Dans les années 80 même, la petite industrie de la terreur nucléaire a cru bon de chercher une nouvelle clientèle dans cette région pour lui vendre abris anti-atomiques, tenues étanches, rations alimentaires lyophilisées, ou encore combinaisons et autres compteurs Geiger. Comme une manière de dire aux habitants de la pointe bretonne, vous êtes au bout du monde, restez-y, enfermez-vous, la catastrophe n’est pas loin et personnes ne se soucie de votre existence. C’est simple, qui vit aujourd’hui sur la presqu’île de Crozon est pris en étau entre les récifs vertigineux de la côte et un vaste champs d’expérimentation militaire. Triste sort pour une si belle région.

Depuis 2008, Sarkozy et Hollande sont venus successivement fanfaronner sur la presqu’île pour féliciter l’accueil d’un nouveau missile nucléaire, le M-51 et l’agrandissement des hangars de maintenance. Un des cadre de la maîtrise d’œuvre ira même jusqu’à se vanter des plus aberrantes vérités : « Jamais nous n’étions allés aussi vite pour valider une arme aussi complexe. », de quoi avoir des sueurs froides.
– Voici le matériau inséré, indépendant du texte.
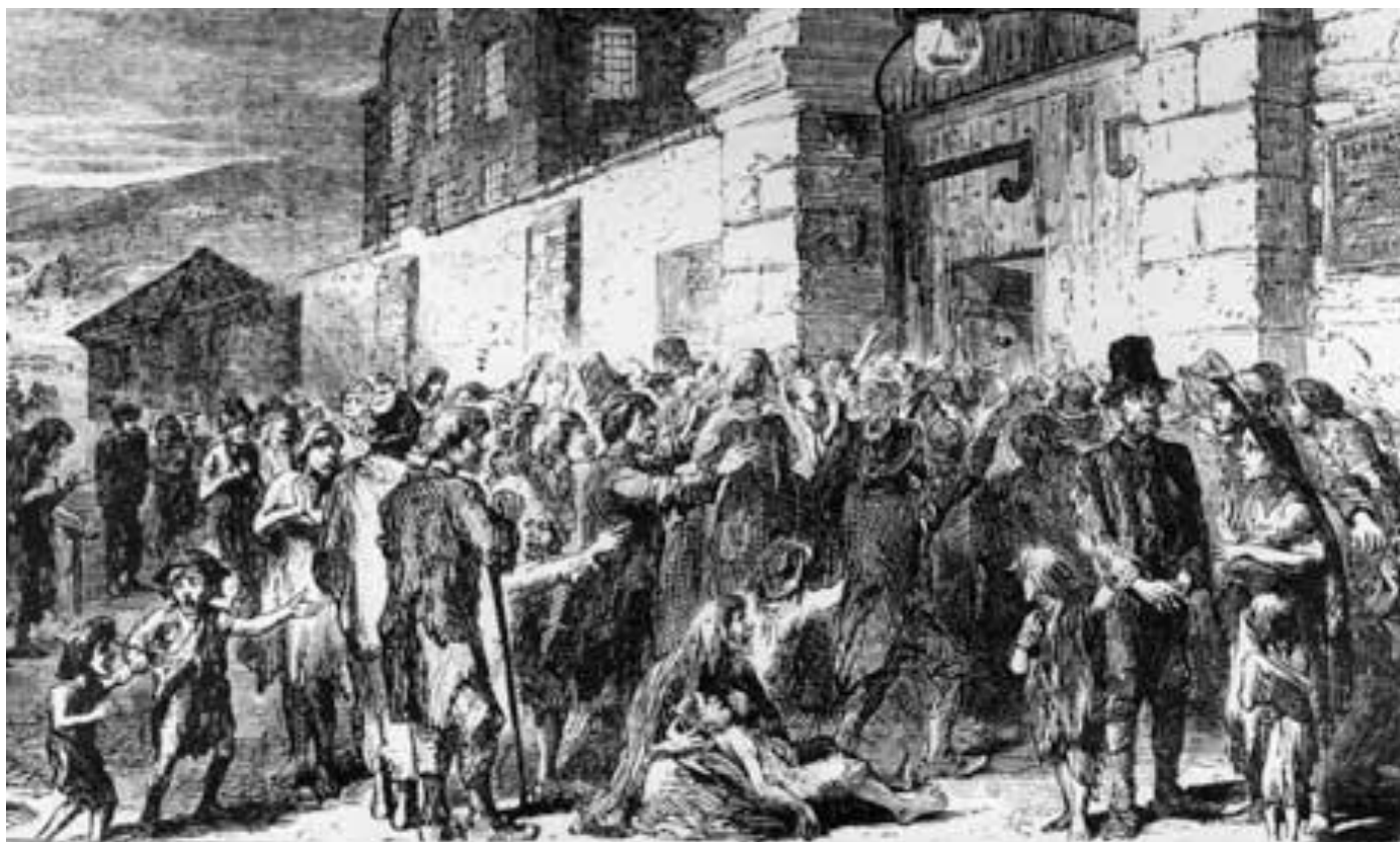
Sultende irske bønder ved portene til et arbejdshus.

skotske, protestantiske jordbesiddere havde muliggjort økonomisk udvikling; det førte faktisk til en forenet katolsk-protestantisk bevægelse for uafhængighed. Den Forenede Irske bevægelse og Irske Frivillige militær vandt Forfatningen af 1782, under den Amerikanske Uafhængighedskrig.

Lors de sa campagne présidentielle en 2012, l’actuel président paraphrasait François Mitterand :

« La stratégie de la France, pays détenteur de l’arme nucléaire, n’est ni offensive, ni défensive, elle est de dissuasion… »

Le moins que l’on puisse dire c’est que sur le terrain du maintien de l’ordre historiquement attaché à cette doctrine, l’effet essentiellement dissuasif de ses apparitions s’est en quelques années dissout sous le nombre croissant de blessés et tués par les armes produites en France, ce au quatre coin de l’Europe et jusqu’au Moyen-Orient. La dissuasion atteint toute ses limites dès lors qu’elle trouve face à elle une détermination sans faille.

Un article du Télégramme datant de juin 2013 s’étonnait des failles de sécurité de la base sous-marine de l’île longue, et plus récemment des drones ont survolé la même base sans se faire intercepter. Tout porte à croire que la portée dissuasive de tous ces équipements dissimule très mal les failles matérielles qu’ils abritent. Nous étions à ce propos surpris le 3 décembre 2014 lorsqu’à 200 manifestants marchant autour des grilles d’enceinte sous une discrète escorte policière, nous avons constaté que le site était à l’arrêt. Il s’agissait alors d’une manifestation qui faisait suite à la mort de Rémy Fraisse un mois plus tôt sur la Zad de Sivens. Les règles de sécurité pour une telle industrie imposent des contraintes de production drastiques et sous contrôle. Aussi la présence d’une foule hostile autour du site constitue déjà un danger suffisant pour interrompre la production.

Nobel Sport est un monstre aux pieds d’argile qui permet aux forces de police et de gendarmerie de tuer et mutiler impunément nos compagnons de lutte.

Retrouvons-nous à Pont de Buis le week-end du 25 octobre 2015.